BEGIN Extracted records

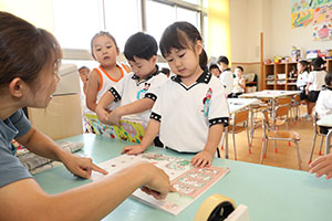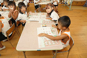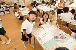 一人一人集中して取り組む姿が見られました✨先生に合格のスタンプを押してもらい、少しずつ「できた!」という達成感も味わいながら数への興味が広がっているようです☆
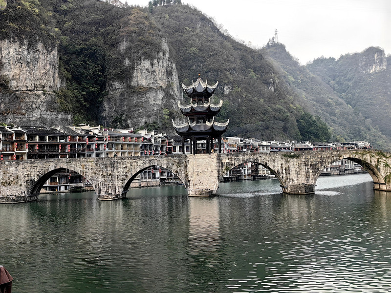 游览没看时间,估计1小时游览完毕,出来就是祝圣桥。祝圣桥原名“舞溪桥”,是一座由青石建造的七孔桥。该桥始建于明洪武二年(1369年),该桥墩建于明代,桥身却建于清代。后因康熙祝寿,更名“祝圣桥”。此桥为滇黔学子进京赶考必经之路,桥中央有一个三层三檐八角攒尖顶楼阁建筑,称为状元楼、魁星阁。
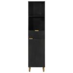 Cette armoire de salle de bain est un excellent choix pour votre salle de bain, la rendant bien rangée et organisée ! Matériau durable : le bois d’ingénierie est d’une qualité exceptionnelle avec une surface lisse et présente également résistance, stabilité et résistance à l’humidité.Grand espace de rangement : le meuble de salle de bain dispose d’un compartiment ouvert et de deux compartiments avec porte, offrant diverses options de rangement et un espace supplémentaire pour ranger des articles dans votre salle de bain.Pieds en bois : les pieds en bois d’eucalyptus massif confèrent au meuble de salle de bain un aspect naturel et agréable tout en assurant la stabilité.Conception flexible : vous pouvez installer la porte à gauche ou à droite selon vos besoins. Attention :Pour éviter qu’il ne soit renversé, ce produit doit être utilisé avec le dispositif de fixation au mur fourni.
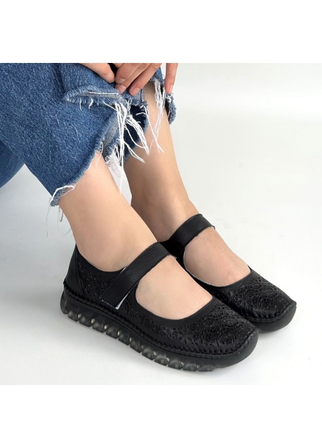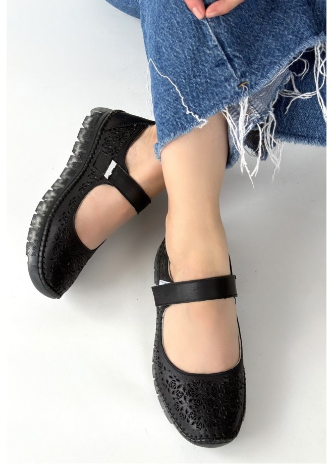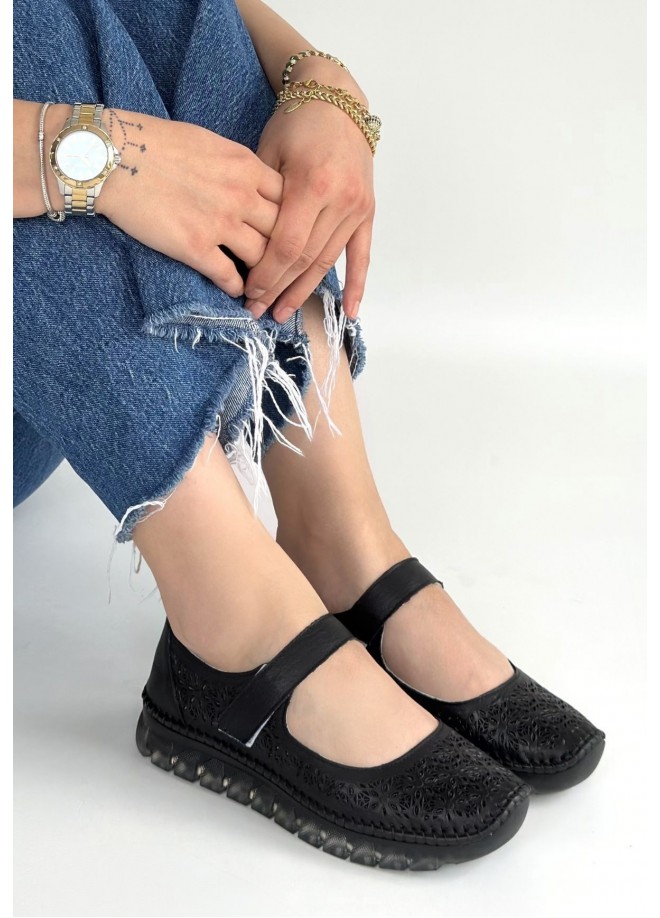 Sina Siyah Deri Cırt Cırtlı Babet Ayakkabı
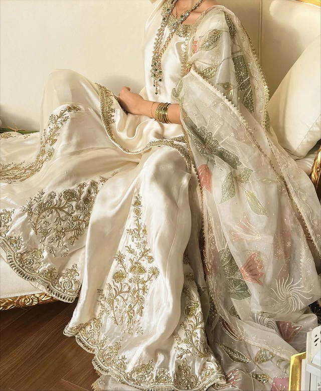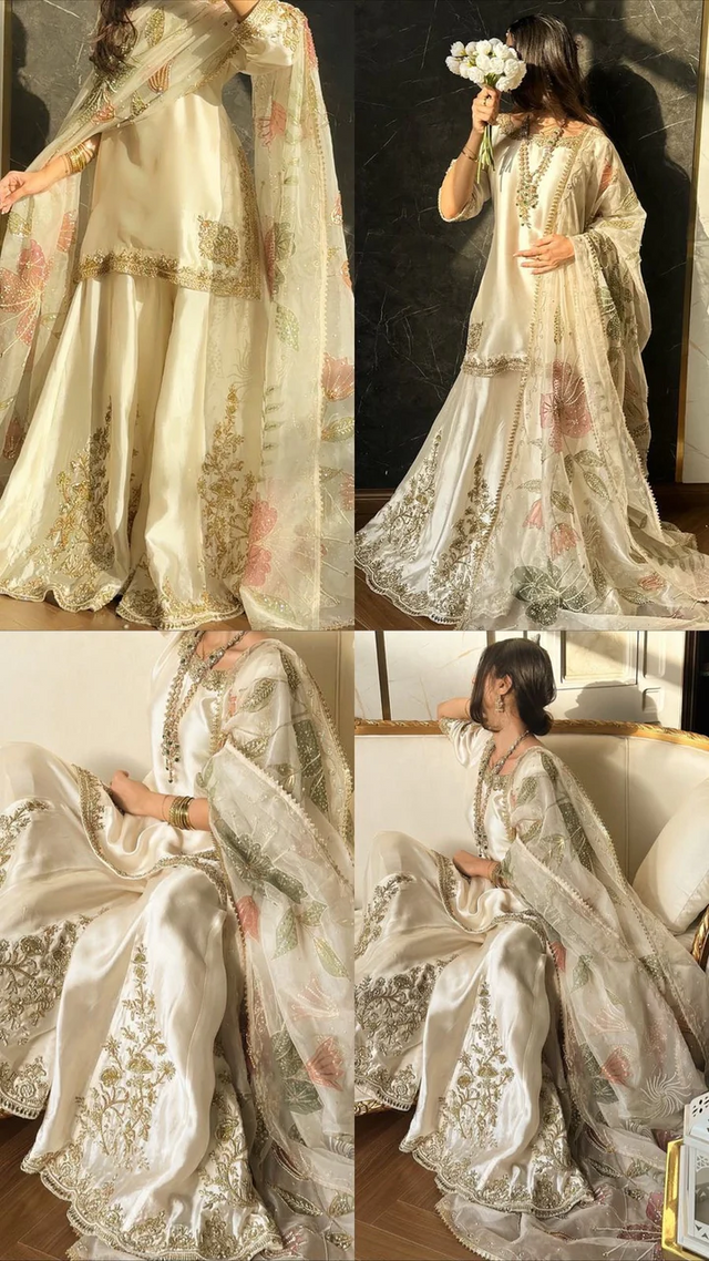 Turn heads this season with our Exclusive Heavy Chinon Gharara Suit, crafted with delicate sequence embroidery work for a luxurious festive look. The full-flair gharara, chic embroidered kurta, and a premium organza dupatta with digital print and heavy lace border make this outfit a true statement piece. 🌙💫
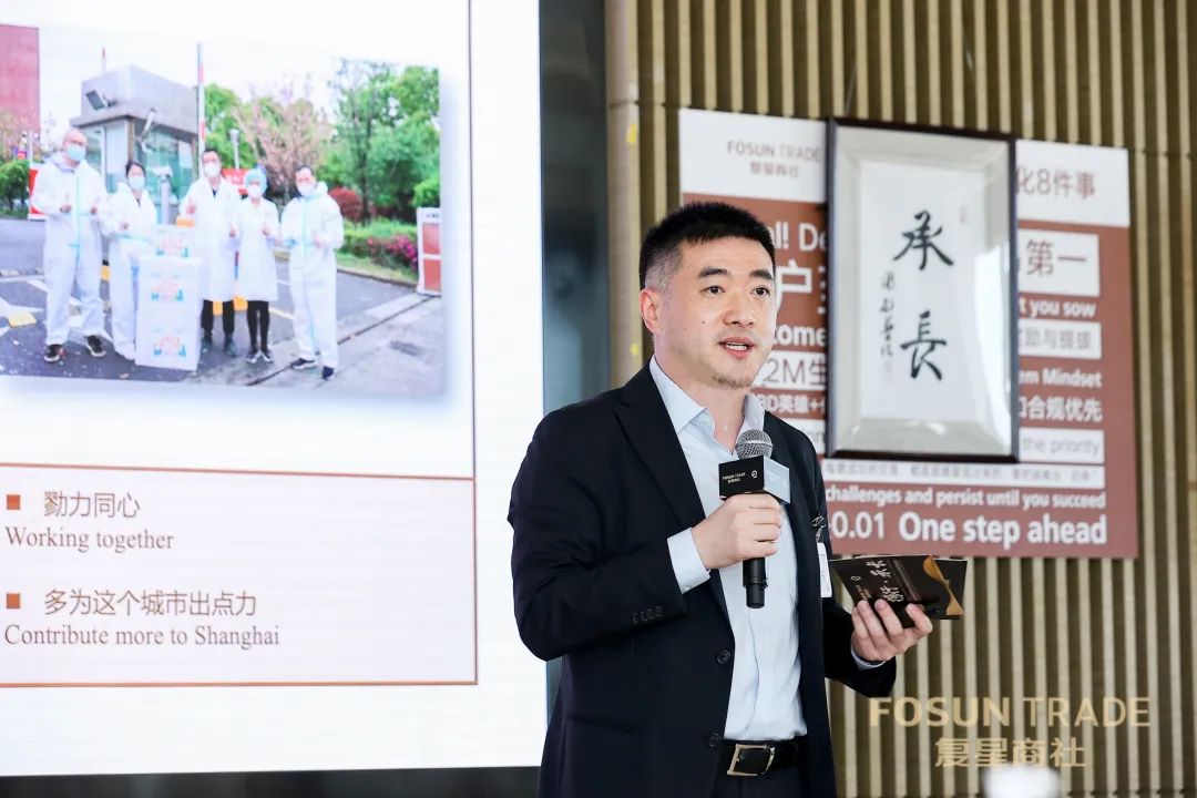 他表示,“道生一”,复星商社诞生于2020年新冠疫情全球暴发之时,脱胎于复星新冠肺炎抗疫全球战时指挥部,其“助天下”使命与生俱来;“一生二”是坚守客户至上和交易第一,时刻提醒复星商社“持续珍惜客户的信任,持续为客户创造价值”;“二生三”要求商社发挥独有的“复星生态、抗疫品牌、资金实力、专业高效、创新驱动”五大优势,全方位与国内外企业和机构平等合作,希望客户、合作伙伴与复星商社共同碰撞更具爆发性的新模式,创造更大价值;“三生万物”则指出,复星商社已经拥有一支“充满激情、谦逊好学、全球视野、善打硬仗、专业高效”的年轻团队,这个团队与各块专业领军人物才是复星商社最为核心的资产,也是复星商社走向三生万物的基石和保障,除此之外,还非常需要外部伙伴的充分信任,让我们一起坚定携手,共同承长。
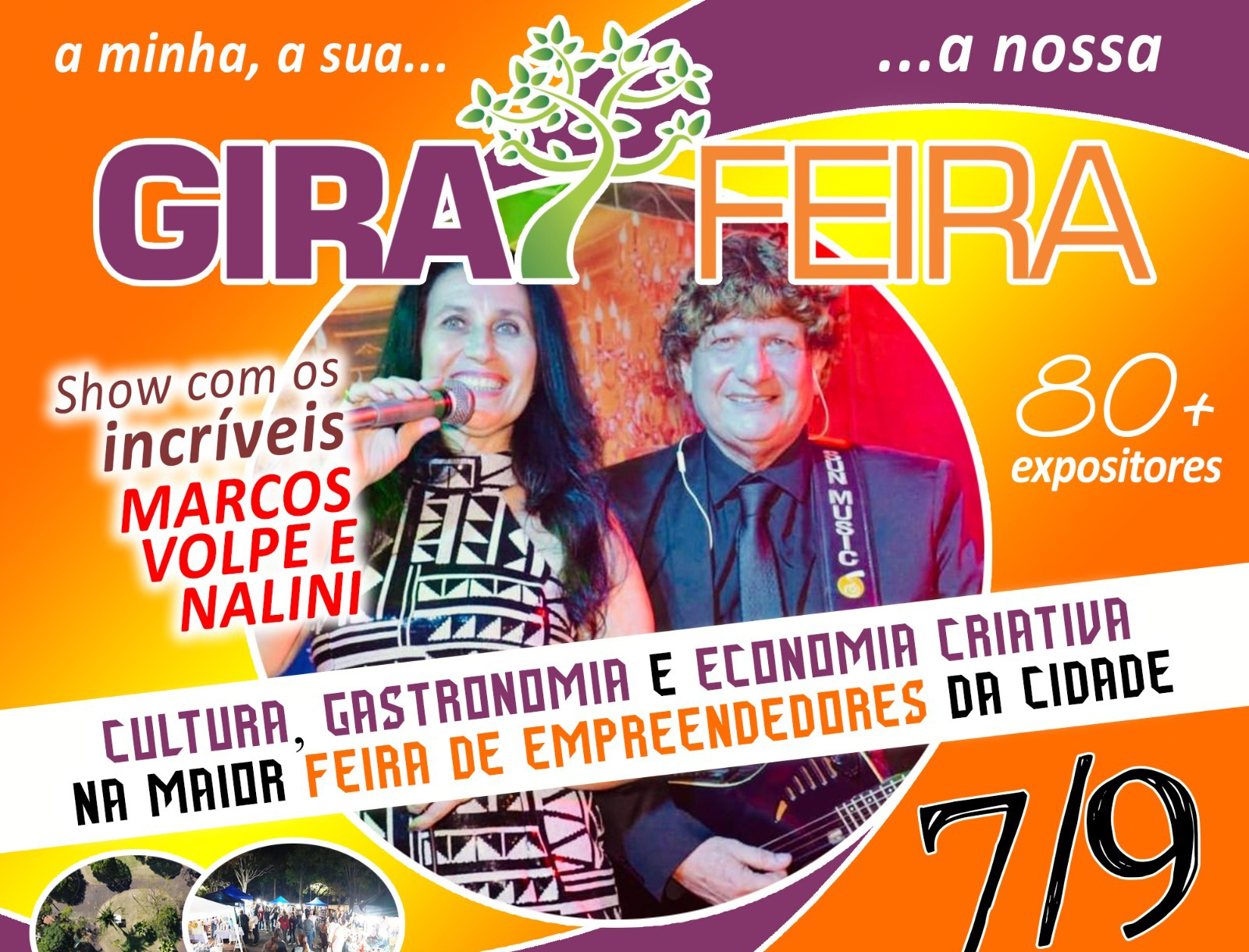 Show musical com Marcos Volpe e Nalini terá repertório das décadas de 60, 70 e 80; programação da feira segue das 17h às 22h

END Extracted records

▸ **How to complete this task**
Find the line that contains "Turn heads this". Reproduce it and every later line of the records exactly, minus the pictures.

▸ **Answer space**
 Turn heads this season with our Exclusive Heavy Chinon Gharara Suit, crafted with delicate sequence embroidery work for a luxurious festive look. The full-flair gharara, chic embroidered kurta, and a premium organza dupatta with digital print and heavy lace border make this outfit a true statement piece. 🌙💫
 他表示,“道生一”,复星商社诞生于2020年新冠疫情全球暴发之时,脱胎于复星新冠肺炎抗疫全球战时指挥部,其“助天下”使命与生俱来;“一生二”是坚守客户至上和交易第一,时刻提醒复星商社“持续珍惜客户的信任,持续为客户创造价值”;“二生三”要求商社发挥独有的“复星生态、抗疫品牌、资金实力、专业高效、创新驱动”五大优势,全方位与国内外企业和机构平等合作,希望客户、合作伙伴与复星商社共同碰撞更具爆发性的新模式,创造更大价值;“三生万物”则指出,复星商社已经拥有一支“充满激情、谦逊好学、全球视野、善打硬仗、专业高效”的年轻团队,这个团队与各块专业领军人物才是复星商社最为核心的资产,也是复星商社走向三生万物的基石和保障,除此之外,还非常需要外部伙伴的充分信任,让我们一起坚定携手,共同承长。
 Show musical com Marcos Volpe e Nalini terá repertório das décadas de 60, 70 e 80; programação da feira segue das 17h às 22h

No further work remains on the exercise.